Another link (which I can’t find again) talks about testing the coil. It says the coil may appear to test OK even if it has a broken wire internally. A typical resistance is a few thousand ohms. It also said the gap between flywheel and magneto is not critical up to about half a millimeter.

Regarding the testing - a spark plug gap is about 0.8mm and can be bridged by about 10,000V. In an engine it requires a bit more voltage because the mixture is compressed. If there is no plug attached and the gap between high tension lead and ground is large, voltages as high as 50,000V may be generated to create a spark. This creates an equivalent voltage in the primary coil and may cause a breakdown on the primary side instead of a spark from the secondary side. When the magnetic field collapses, the energy has to go somewhere - if not to the plug where it is supposed to go, it goes elsewhere.


Hi Wilfred

Sorry I missed the significance of that in your first post. Old age has well and truly crept up. Is your trigger unit separate from the coil. I thought most of this type of thing would be just 1 lump of black potting material with some iron laminations and a couple of wires sticking out of it.
Cheers Bob


May I say thank you again for the helpful comments which have been made so far. One of the reasons for my persistence with this enquiry is that I know that magneto problems are not rare, and I have seen that other people have had a problem very similar to the problem which I have had.

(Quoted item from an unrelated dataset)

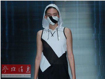 在上个月的中国国际时装周上,中国设计师尹鹏在乔丹运动装发布会上用各种口罩充当服装配饰,同系列的运动装与口罩有相同的条纹和图案。尹鹏甚至尝试了类似于全面罩的概念运动装设计。

The Youtube video which was advised by Alan is very helpful in gaining a basic understanding of how the Electronic Ignition module works. I suppose that what I have been trying to find is how to test the electronic ignition circuit, or how to construct a replacement “gizmo”. One of the things which I find frustrating about this problem is that I have been quoted nearly $100 Australian for a replacement part. Another mower repair shop quoted $150. But I have found the identical electronic ignition magneto replacement kit in the USA for less than $30 (USA), or about one third of the price!! The problem is that postage costs from the USA would be quite high, and therefore not a particularly effective solution.

For the sake of completeness, I have checked the primary and secondary coils in my magneto with a multimeter. The windings of both coils are electrically isolated from the core of the magneto. The primary coil has a resistance of 1.1 ohms, and the secondary coil resistance is approximately 2.87K ohms. This leads me to believe (or hope!) that the coils are still functional.

In the attached photographs I have labeled the most important parts, and the terminal connections, as follows:

E – Earth connection screw, which fastens the trigger-module earth wire, and the common leads for the primary and secondary coils to the core of the magneto.

E1 – Earth connection leads for Primary and Secondary coils (these are connected together).

E2 – Trigger-module earth connection lead.

H – High tension (spark-plug) lead.

J – Junction connector, for connecting the trigger lead, the primary coil lead, and the kill-switch lead.

K – Kill-switch lead.

P – Primary coil lead.

T – Trigger module lead.

TC – Trigger Coil.